Although this e-mail references "Completion Methods for Smith Sets," and 
they cover the same method, this is really about a stand-alone method. It 
has some good qualities: it should always choose the Condorcet winner, if 
there is one; if no Condorcet winner exists, it should always choose a 
winner from the Smith set. It can be used in single seat and multi-seat 
elections since it generates a ranking order. At least I *think* it should 
have those properties, though I'm a bit shaky on my mathematical proofs! ;-)

First, the ballot would be a standard ranked ballot. If a person has a tied 
preference -- say he or she likes two people equally for first place -- 
then each tied candidate gets a partial vote for each equivalent position, 
in this case a half point for first and a half point for second place. If 
someone has three people ranked at fourth place, then each has 1/3 of a 
point for fourth, 1/3 of a point for fourth, and 1/3 of a point for fifth. 
Truncated ballots would be handled the same way: if someone didn't rank 
candidates 8-11, then each would get 1/4 of a point for each place, in this 
case 8th, 9th, 10th, and 11th place. If one member of a tied pair is 
dropped, the remaining candidate(s) get the points. There would be no 
incentive to truncate a ballot or rank your preferred candidate first and 
everyone else last, while there *would* be an incentive (albeit small) to 
rank everyone you have a preference on. Unfortunately, there would still be 
a small incentive to rank you favorite candidate's chief rival at the 
bottom of the list, but that's hard to remove in any ranked ballot.

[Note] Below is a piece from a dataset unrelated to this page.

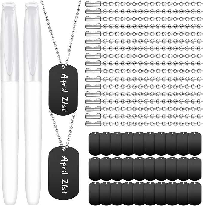 • Complete Set: the package contains 30 pieces of aluminum alloy blank dog tags, 30 pieces of 24 inch dog tag chains and 2 erasable white marker pens, which can be DIY designed into 30 different dog tag necklaces, share with your relatives and friend

Now that we have the preference list, find the candidate with the highest 
number of first place votes and put it on another list. Then find the 
candidate with the highest number of first and second place votes combined, 
and if it isn't on the second list put it there. Then find the candidate 
with the highest combined total of first, second, and third place votes, 
and place it on the second list if it isn't already there. If there are tie 
votes and sufficient places remaining on the second list, simply put the 
tied names on the second list; if there aren't sufficient places remaining, 
use a pairwise comparison of the two candidates. If there is still room 
after the first pass, check the second-place "plurality" candidate against 
the list, then the #2 candidate on the combined first and second place 
score list, etc., until the second list has one fewer candidate that the 
first.Redo the preference orders using the remaining candidates, then start 
the process again. Continue until the number of candidates remaining equals 
the number of positions to be filled (in most cases this will be a single 
candidate, but I want to have a complete method no matter how many 
positions are open).

This method is somewhat like a "maximum approval" method -- you take the 
plurality winner, then the top candidate if people approved of their first 
and second choices, then the top candidate if people approved of their top 
three choices, and so on. To give an example, say there were eight 
candidates. You would find the winner with the following point scheme 
(plurality): 10000000. By this I mean all first place votes get one point, 
and all others get zero. Then the first two places get points: 11000000. 
Then 11100000, 11110000, 11111000, 11111100, and 11111110 --a kind of step 
function that moves over one place at a time. Ties can cut short the 
comparison -- it's possible that you might not get to check 11111110 -- but 
winner-repeats on the list extends it. Last place votes are generally the 
only votes that do not ever help.

Of course, this step function can go the other way as well. For a similar 
method with slightly different properties, invert the process: Find the 
candidate with the greatest number of last place votes and put it on a 
list; in other words, check antiplurality (00000001 in the above example). 
Then find the candidate with the greatest number of last and second-to-last 
combined votes (00000011). Continue until you have one less candidate than 
before, then start over. The final candidate is the loser candidate. Drop 
it from the list, redo the ranks of all of the other candidates, then start 
again. Stop when you have the appropriate number of candidates left.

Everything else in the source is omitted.